AR: You’re supposed to be fully diversified in a portfolio. Now if you’re not an accredited investor or higher, it’s difficult to get access to these kinds of things, number one. So there are barriers in place for a reason, and so we adhere to those. But what ends up happening is once you become accredited and qualified, then all new doors open up, and that’s the way it’s built. What winds up happening is there’s this big demand in the private markets because the public markets have become so much less diversified.

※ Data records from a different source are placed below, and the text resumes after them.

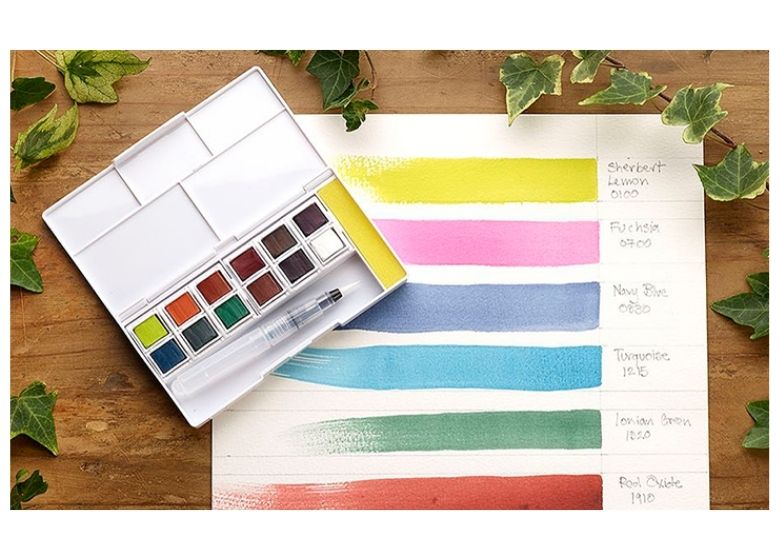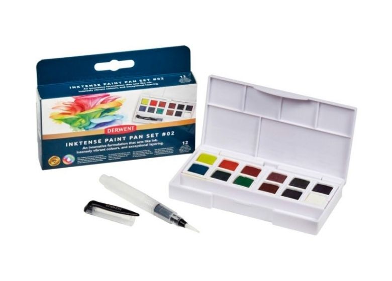 Una vez secas, las capas permanecen estables y no se reactivan con el agua, permitiendo trabajar encima con más pintura, lápices Inktense, bloques o rotuladores delineadores. Son permanentes, intensas y adecuadas tanto para el estudio como para pintar al aire libre, gracias a sus prácticos estuches de viaje.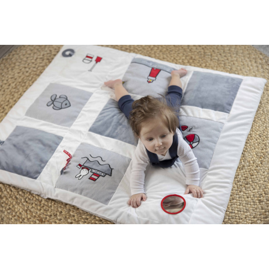 - děti mohou na dece objevovat růzorodost materiálů, bezpečné zrcátko a kousátko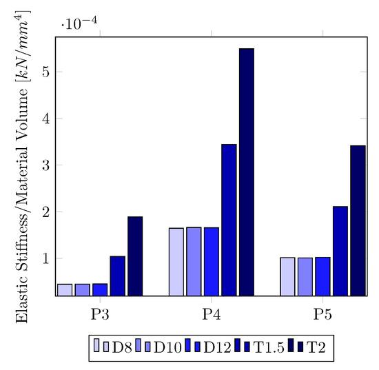 In the cumulative dissipated energy curve in Figure 10, an increase in T implied a sudden increase in the dissipated energy. However, the cumulative displacement that the damper could support decreased significantly. Despite the above, P3-T2 was the plate that dissipated the most energy and had a cumulative displacement of 478 mm, which was higher than the cumulative displacements of all P4 plates and slightly less than the cumulative displacement of P5 at 10 and 12 mm deep. Conversely, increasing D increased the dissipated energy but did not affect the accumulated displacement. To quantify how each of these parameters affected the behavior of the damper, the coefficient between the elastic stiffness and the volume of the material was calculated, as shown in Figure 11. These values showed that T had a greater effect on the elastic stiffness value than D for the three geometries.

On top of that, nowadays, you can structure investments in alternatives with much better liquidity structures than you would have been able to 10 years ago. The evergreen structure would’ve been more difficult. We do believe there’s a premium to be earned when you have less liquidity, so we want to capture that for the clients. To clients and even to some professionals, the public markets more and more look “rigged,” and people don’t trust them as much.

WM.com: Do you have any interest in bitcoin ETFs or getting into the crypto markets at all?

AR: We’ve entered the crypto markets on a non-discretionary basis over the last several years. As the demand came up for us internally, we wanted to provide the right solution as opposed to referring everyone. So we partnered with a company called Eaglebrook Advisors, and essentially we hold everything in cold storage. And now with the advent of the ETF and the size and the scope of them, it becomes more of a tactical decision.

We have approved on our recommended list, one bitcoin ETF. Essentially to us, a bitcoin ETF as it’s structured today is just all about what the fees are because they should all have very low tracking errors and so forth. But we have not made an active decision to allocate to bitcoin, and if we do, that would be in the alternatives portion of the portfolio.